> **WORK REQUIRED**: Your job is to give again, exactly and with no additions, the lines in the records below from the one with "2018년 겨울 신상" through the one with "버블 껌 맛 팝콘의 패키지", both included. Omit the pictures.

> **DATA FOR THE TASK**:
◇ ◇ ◇ ◇
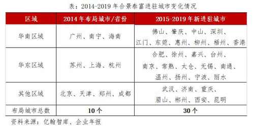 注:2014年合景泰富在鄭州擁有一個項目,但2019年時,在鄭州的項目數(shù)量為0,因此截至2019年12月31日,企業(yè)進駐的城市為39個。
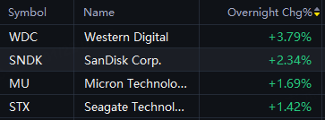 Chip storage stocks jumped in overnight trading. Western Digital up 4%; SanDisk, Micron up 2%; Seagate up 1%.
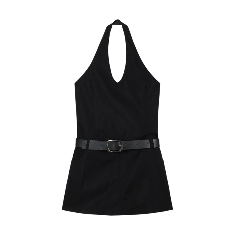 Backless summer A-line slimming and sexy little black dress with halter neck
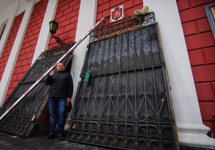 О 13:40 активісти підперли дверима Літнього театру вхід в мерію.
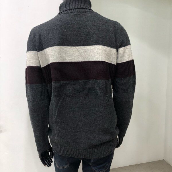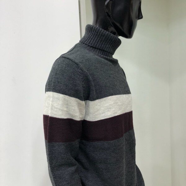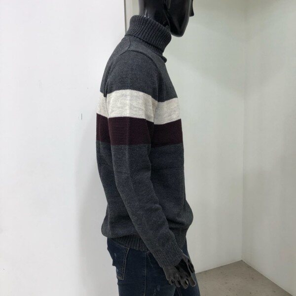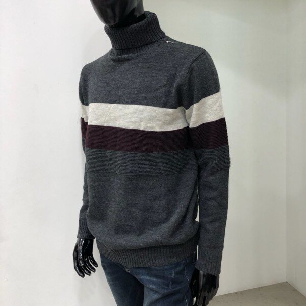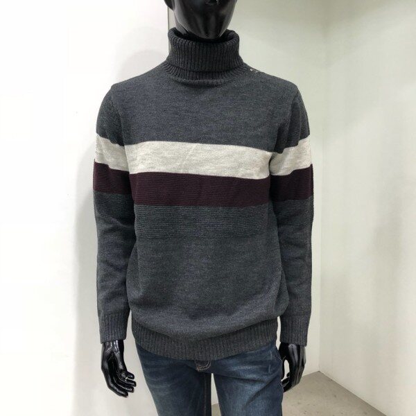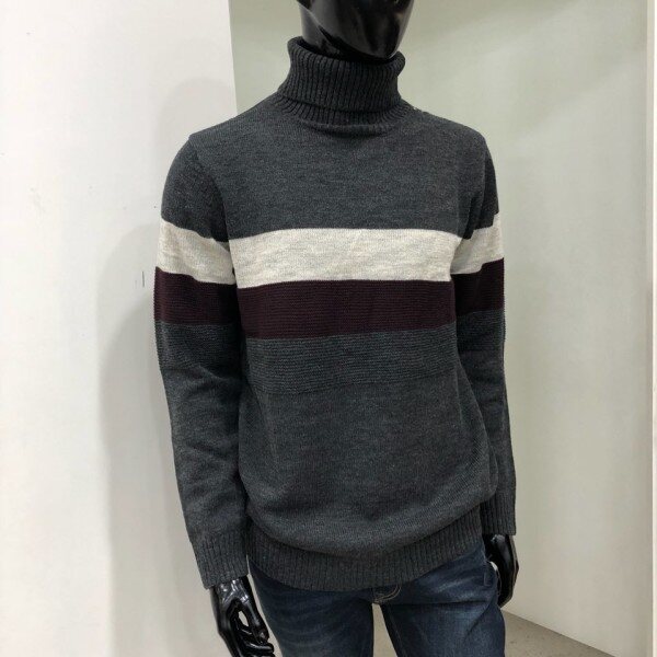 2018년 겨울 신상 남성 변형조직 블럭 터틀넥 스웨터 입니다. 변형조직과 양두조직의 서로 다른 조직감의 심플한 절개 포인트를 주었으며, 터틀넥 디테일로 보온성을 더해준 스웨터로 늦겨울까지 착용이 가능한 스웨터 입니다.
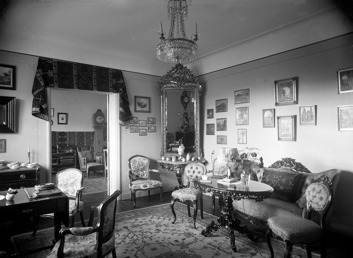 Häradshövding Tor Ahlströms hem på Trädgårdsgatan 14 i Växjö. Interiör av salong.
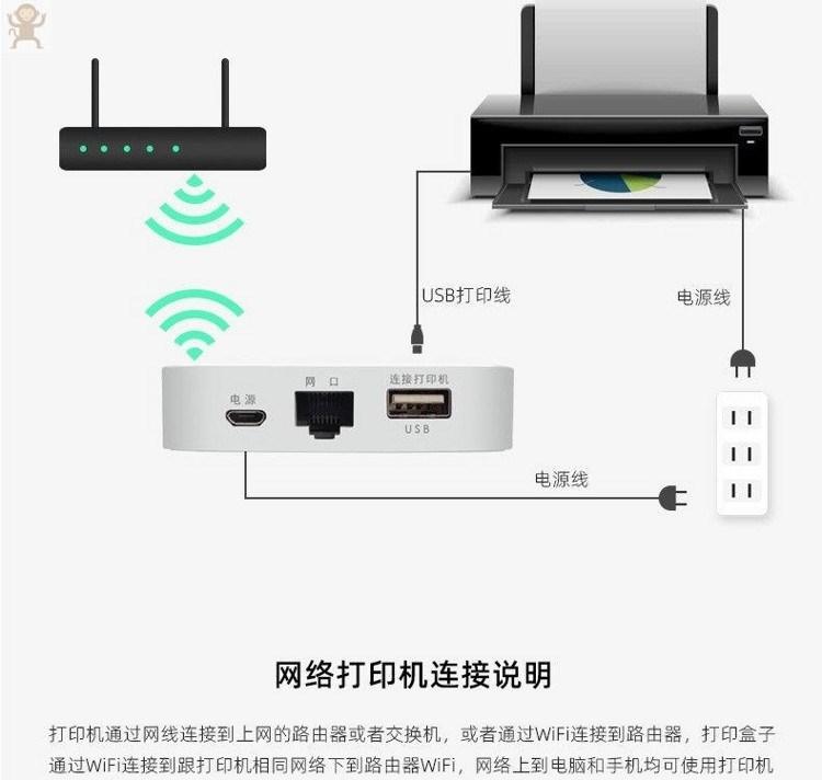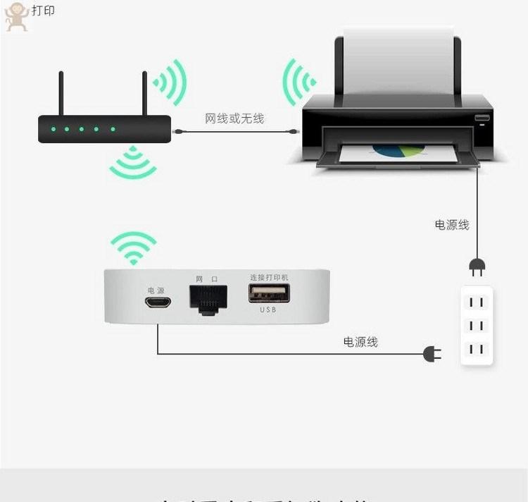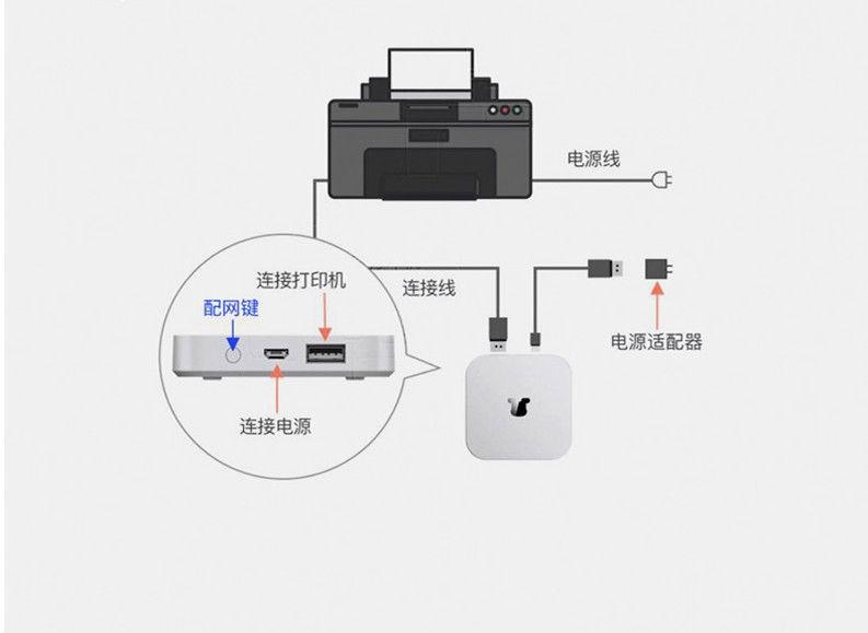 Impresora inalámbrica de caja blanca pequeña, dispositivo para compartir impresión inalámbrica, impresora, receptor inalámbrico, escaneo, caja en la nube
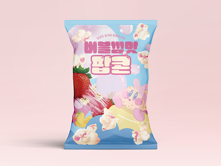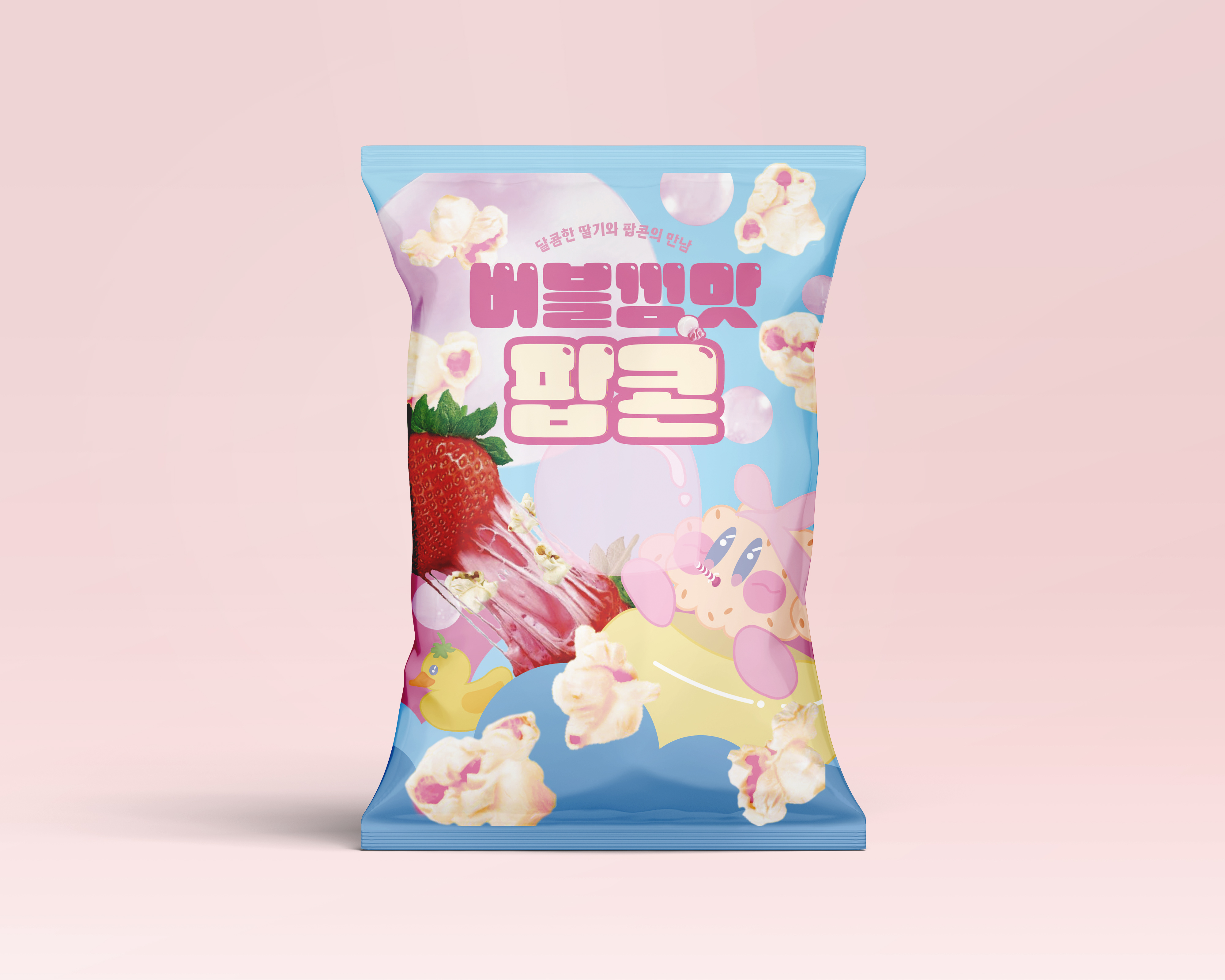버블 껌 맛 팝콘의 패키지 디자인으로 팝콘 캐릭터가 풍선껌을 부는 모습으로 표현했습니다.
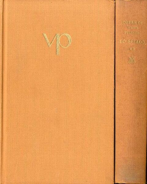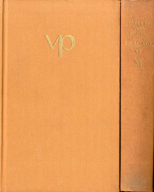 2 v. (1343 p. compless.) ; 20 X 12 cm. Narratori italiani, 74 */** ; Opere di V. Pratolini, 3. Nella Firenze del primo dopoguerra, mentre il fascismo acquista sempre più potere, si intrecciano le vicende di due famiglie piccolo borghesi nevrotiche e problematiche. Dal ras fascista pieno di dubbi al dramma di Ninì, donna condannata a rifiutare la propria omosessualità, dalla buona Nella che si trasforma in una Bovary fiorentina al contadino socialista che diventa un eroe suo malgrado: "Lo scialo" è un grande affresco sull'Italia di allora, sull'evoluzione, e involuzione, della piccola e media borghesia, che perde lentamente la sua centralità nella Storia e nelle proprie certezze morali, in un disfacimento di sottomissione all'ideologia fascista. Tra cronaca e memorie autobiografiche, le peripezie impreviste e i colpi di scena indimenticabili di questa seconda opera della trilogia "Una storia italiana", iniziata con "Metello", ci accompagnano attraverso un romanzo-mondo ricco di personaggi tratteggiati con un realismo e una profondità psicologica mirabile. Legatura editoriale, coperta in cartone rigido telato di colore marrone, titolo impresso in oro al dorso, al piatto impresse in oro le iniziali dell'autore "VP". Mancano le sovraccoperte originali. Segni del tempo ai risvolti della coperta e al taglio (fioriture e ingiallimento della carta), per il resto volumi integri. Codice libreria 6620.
◇ ◇ ◇ ◇
> **SOLUTION TO THIS EXERCISE**:
 2018년 겨울 신상 남성 변형조직 블럭 터틀넥 스웨터 입니다. 변형조직과 양두조직의 서로 다른 조직감의 심플한 절개 포인트를 주었으며, 터틀넥 디테일로 보온성을 더해준 스웨터로 늦겨울까지 착용이 가능한 스웨터 입니다.
 Häradshövding Tor Ahlströms hem på Trädgårdsgatan 14 i Växjö. Interiör av salong.
 Impresora inalámbrica de caja blanca pequeña, dispositivo para compartir impresión inalámbrica, impresora, receptor inalámbrico, escaneo, caja en la nube
버블 껌 맛 팝콘의 패키지 디자인으로 팝콘 캐릭터가 풍선껌을 부는 모습으로 표현했습니다.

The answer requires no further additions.